YOUR SOLIN GENERATED RECIPE
Crispy Sweet Potato Wedges with Turkey Bacon Crumbles
Enjoy a delightful twist on comfort food with oven-roasted sweet potato wedges perfectly seasoned and served with savory turkey bacon crumbles. Topped with a freshly poached egg for an added protein boost, this dish balances crispy textures with rich flavors, making it an ideal meal for breakfast, lunch, or dinner.
INGREDIENTS
1 medium Sweet Potato
3 slices Turkey Bacon
2 large Eggs
1 teaspoon Olive Oil
1 teaspoon Smoked Paprika
Salt & Pepper to taste
PREPARATION
Preheat your oven to 425°F.
Wash the sweet potato thoroughly and cut it into wedges. Place the wedges in a bowl.
Drizzle the olive oil over the sweet potato wedges, and sprinkle with smoked paprika, salt, and pepper. Toss to evenly coat.
Arrange the wedges on a baking sheet in a single layer. Roast in the oven for 25-30 minutes until the edges are crispy and the centers are tender. Flip halfway through for even cooking.
While the wedges are roasting, cook the turkey bacon in a skillet over medium heat until crispy. Once done, let it cool slightly and crumble into pieces.

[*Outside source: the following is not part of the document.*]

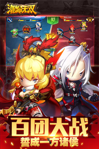 《潮爆无双》是年度“潮派”动作卡牌创新大作!谁说三国只有魏蜀吴?在这里,墨家和司马懿才是主角!谁说三国人物只能老气横秋?在这里,许禇纹着霸天虎、张角穿着钢铁侠、谷歌眼镜配着曹操,霸气、新奇还很酷![ 极致潮范,颠覆想像!《潮爆无双》在经典三国的基础上进行了大胆画面创新和玩法创新,重金相邀韩国顶级画师以“潮”式画风重塑三国人物形象,完美融合策略乐趣与操控快感,深度唤醒玩家身为三国时代一城之主。

In a separate pot, bring water to a gentle simmer. Crack the eggs into a small bowl and gently slide them into the water. Poach the eggs for about 3-4 minutes until the whites are set but the yolks remain runny. Remove with a slotted spoon and drain on paper towels.
Plate the crispy sweet potato wedges, sprinkle the turkey bacon crumbles on top, and carefully place a poached egg over the wedges.
Finish with an extra pinch of salt and pepper if desired and serve immediately.